TASK TO COMPLETE: Exercise in exact copying: restate word for word only the lines below from the one containing "just 46 pounds" through the one containing "а собачка ещё", omitting any pictures.

DATASET EXCERPTS:

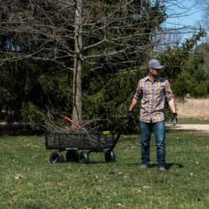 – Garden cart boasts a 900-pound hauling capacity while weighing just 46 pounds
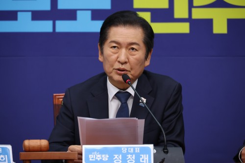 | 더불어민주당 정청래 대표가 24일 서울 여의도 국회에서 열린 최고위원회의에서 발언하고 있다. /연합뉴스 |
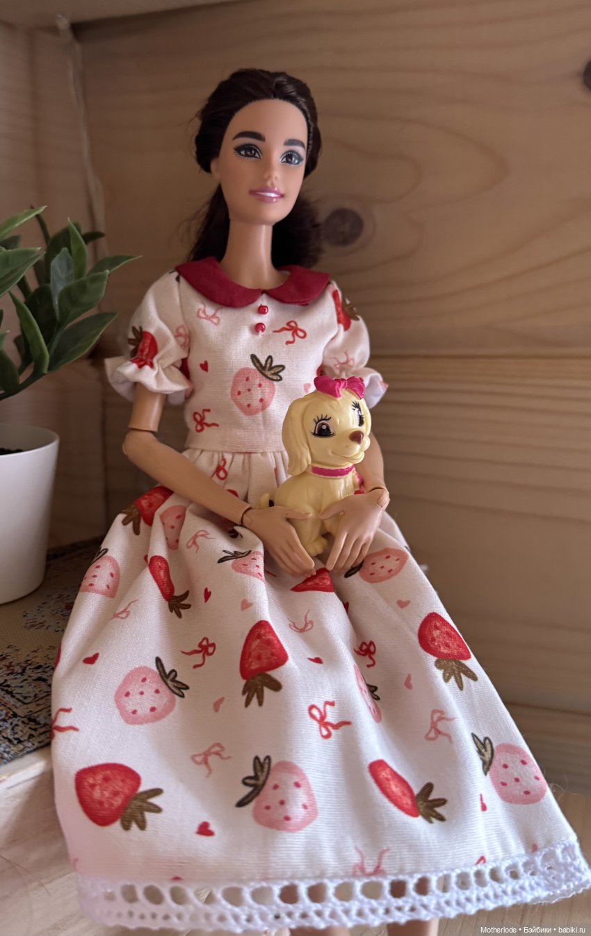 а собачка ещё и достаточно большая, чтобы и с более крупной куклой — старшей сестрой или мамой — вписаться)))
* * *
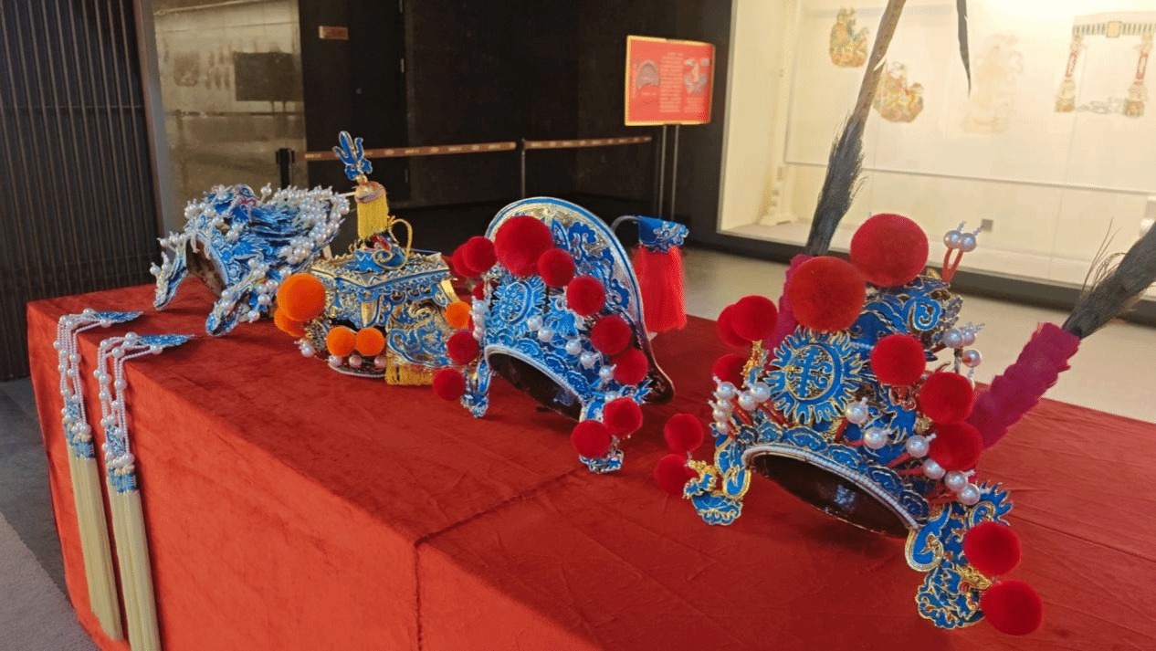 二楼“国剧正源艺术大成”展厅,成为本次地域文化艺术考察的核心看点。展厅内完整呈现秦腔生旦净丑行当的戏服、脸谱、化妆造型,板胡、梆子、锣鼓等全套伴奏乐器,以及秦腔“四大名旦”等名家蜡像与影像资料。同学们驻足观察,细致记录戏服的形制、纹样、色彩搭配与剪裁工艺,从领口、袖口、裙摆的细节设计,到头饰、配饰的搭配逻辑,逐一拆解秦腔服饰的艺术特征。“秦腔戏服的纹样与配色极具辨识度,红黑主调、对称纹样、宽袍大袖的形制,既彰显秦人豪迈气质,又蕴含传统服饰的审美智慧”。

EXERCISE ANSWER:
 – Garden cart boasts a 900-pound hauling capacity while weighing just 46 pounds
 | 더불어민주당 정청래 대표가 24일 서울 여의도 국회에서 열린 최고위원회의에서 발언하고 있다. /연합뉴스 |
 а собачка ещё и достаточно большая, чтобы и с более крупной куклой — старшей сестрой или мамой — вписаться)))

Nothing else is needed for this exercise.